For Afghanistan, the danger is that the Russia-Ukraine conflict will distract from its own
humanitarian crisis. The United Nations was already struggling to meet the $4.4 billion appeal it
had announced for humanitarian assistance—still less than it estimates it will need to ease the
crisis this year. Now, bandwidth for developing a strategy to increase assistance to the country
will certainly be limited.
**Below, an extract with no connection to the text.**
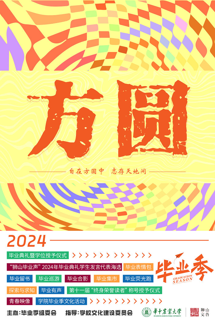 学校弘扬百余年历史积淀的厚重文化,秉承以“勤读力耕、立己达人”为核心的华农精神,坚持“手脑并用、知行合一”的育人传统,践行“育人为本、崇尚学术”的办学理念,遵循“团结、勤俭、求是、奋进”的优良校风,坚守“不张扬、不浮躁、不盲从”的华农品格,彰显“现代生物科技、信息科技、工程科技与传统农科紧密结合、互促共进,培养创新人才”的办学特色。[详细]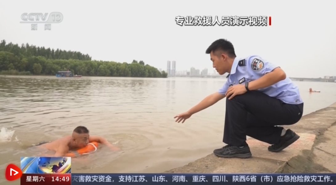 襄陽(yáng)市襄城區(qū)公安分局民警高培龍介紹,大家如果發(fā)現(xiàn)有人落水,不要盲目施救,首先尋找救生衣、救生圈進(jìn)行施救,千萬不要手拉手地施救,防治一起溺水??梢缘桨哆厡ふ议L(zhǎng)竹竿,將溺水者拖上岸。

Seeking to reorient global attention back toward Afghanistan, the
Taliban have called for a swift resolution of the Russia-Ukraine crisis.
Elsewhere in South Asia, the conflict could generate economic opportunities: With Russia facing
possible devastating sanctions, it will seek new markets, and South Asia’s could be attractive,
especially if Russia rides on the coattails of China’s robust investment presence there. Russia
doesn’t currently have a deep footprint in the smaller South Asian states, but it has explored some
trade and investment, especially in the energy sectors in Nepal and Bangladesh and in Sri Lankan
tea, of which it is a major importer.
However, the region’s smaller states—because of their economic fragility and desire to maintain
working ties with the West—won’t want to risk running afoul of sanctions regimes. For South
Asia, like much of the world, the best resolution of the Russia-Ukraine crisis would be a quick and
peaceful one. That appears increasingly unlikely by the hour.